Marsha Calloway terjebak dalam pernikahan yang seharusnya bukan miliknya—menggantikan kakaknya yang kabur demi menyelamatkan keluarga. Sean Harris, suaminya, pria kaya penuh misteri, memilihnya tanpa alasan yang jelas.
Namun, saat benih cinta mulai tumbuh, rahasia kelam terungkap. Dendam masa lalu, persaingan bisnis yang brutal, dan ancaman yang mengintai di setiap sudut menjadikan pernikahan mereka lebih berbahaya dari dugaan.
Siapa sebenarnya Sean? Dan apakah cinta cukup untuk bertahan ketika nyawa menjadi taruhan?
Karya ini diterbitkan atas izin NovelToon Ayyun, isi konten hanyalah pandangan pribadi pembuatnya, tidak mewakili NovelToon sendiri
Pesan Ancaman
Pria itu terus mendekatkan wajahnya ke wajah Marsha, matanya penuh dengan niat jahat yang membuat Marsha semakin tertekan. Setiap kata yang keluar dari mulutnya semakin menambah beban yang harus ia tanggung. Namun, di dalam hatinya, Marsha tidak menyerah. Ia tahu, meski keadaan begitu mencekam, ia harus tetap kuat, setegar mungkin, demi dirinya sendiri dan Sean yang pasti sedang berusaha mencari jalan untuk menemuinya.
Si pria itu memperhatikan Marsha dengan tatapan tajam, seolah sedang menikmati rasa ketakutan yang tergambar jelas di wajahnya.
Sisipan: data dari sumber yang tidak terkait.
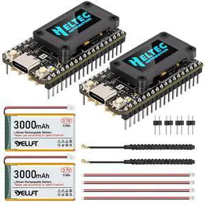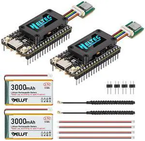YELUFT 2 Pack Pre-Soldered ESP32 LoRa V4 Development Board with 3000mAh Battery Set, Integrated WiFi Bluetooth SX1262 915MHz LoRa, 0.96-inch OLED Display, Type-C Interface for Meshtastic

Ia tersenyum sinis, matanya menyipit dengan rasa puas. Marsha menahan napas, mencoba mengendalikan tubuhnya yang kaku akibat ketakutan. Meskipun hatinya berdegup kencang, ia berusaha untuk tidak menunjukkan kelemahan.
“Aku rasa kamu sudah cukup sabar, Nona Marsha,” ujar pria itu, suaranya terdengar puas. “Tapi sepertinya suamimu belum menunjukkan rasa peduli ya. Mungkin ini akan memberinya pelajaran yang lebih berarti.”
Marsha merasakan jantungnya berdegup semakin cepat. Ia tidak tahu apa yang akan dilakukan pria itu, tetapi ia bisa merasakan niat buruk yang terpendam dalam setiap kata yang diucapkannya. Sebelum Marsha sempat bertanya atau berontak, pria itu melangkah ke arah meja kecil di sampingnya, mengambil sebuah pisau yang berkilauan di bawah cahaya lampu.
Matanya yang tajam terus menatap Marsha, seolah menilai reaksi takut yang semakin terlihat di wajahnya. Tangan Marsha terasa dingin, tetapi ia mencoba untuk tidak menunjukkan ketakutannya. Ia tahu betul, ia harus tetap tegar agar tidak menjadi lebih buruk.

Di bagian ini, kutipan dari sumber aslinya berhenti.